2. De begeleider onthoudt zich ervan de sporter te bejegenen op een wijze die de sporter in zijn waardigheid aantast, én verder in het privé-leven van de sporter door te dringen dan nodig is in het kader van de sportbeoefening.
3. De begeleider onthoudt zich van elke vorm van (machts)misbruik of Seksuele Intimidatie tegenover de sporter.
4. Seksuele handelingen en seksuele relaties tussen de begeleider en de jeugdige sporter tot zestien jaar zijn onder geen beding geoorloofd en worden beschouwd als seksueel misbruik.
5. De begeleider mag de sporter niet op een zodanige wijze aanraken dat de sporter en/of de begeleider deze aanraking naar redelijke verwachting als seksueel of erotisch van aard zal ervaren, zoals doorgaans het geval zal zijn bij het doelbewust (doen) aanraken van geslachtsdelen, billen en borsten.
6. De begeleider onthoudt zich van (verbale) seksueel getinte intimiteiten via welk communicatiemiddel dan ook.
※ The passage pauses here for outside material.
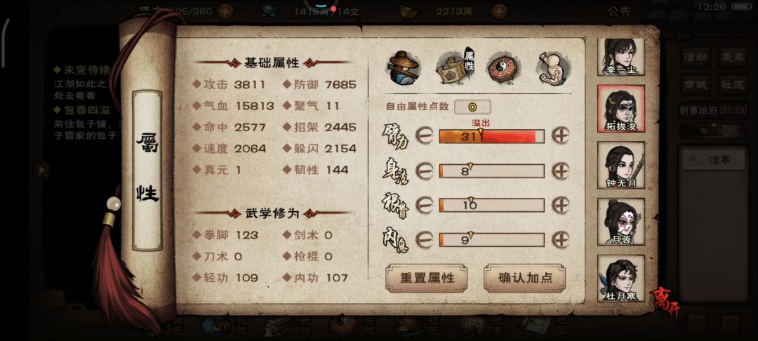 然而这个提升是非常微弱的,像图片里我的纯臂力工具人拓跋点到了311臂力,吃一颗破障丹也才加了2点攻击。

7. De begeleider zal tijdens training(sstages), wedstrijden en reizen gereserveerd en met respect omgaan met de sporter en met de ruimte waarin de sporter zich bevindt, zoals de kleedkamer of de hotelkamer.
8. De begeleider heeft de plicht – voor zover in zijn vermogen ligt – de sporter te beschermen tegen schade en (machts)misbruik als gevolg van Seksuele Intimidatie. Daar waar bekend of geregeld is wie de belangen van de (jeugdige) sporter behartigt, is de begeleider verplicht met deze personen of instanties samen te werken, opdat zij hun werk goed kunnen uitoefenen.
9. De begeleider zal de sporter geen (im)materiële vergoedingen geven met de kennelijke bedoeling tegenprestaties te vragen. Ook de begeleider aanvaardt geen financiële beloning of geschenken van de sporter die in onevenredige verhouding tot de gebruikelijke dan wel afgesproken honorering staan.
10. De begeleider zal er actief op toezien dat deze regels worden nageleefd door iedereen die bij de sporter is betrokken. Indien de begeleider gedrag signaleert dat niet in overeenstemming is met deze gedragsregels zal hij de daartoe noodzakelijke actie(s) ondernemen.
11. In die gevallen waarin de gedragsregels niet (direct) voorzien, ligt het binnen de verantwoordelijkheid van de begeleider in de geest hiervan te handelen.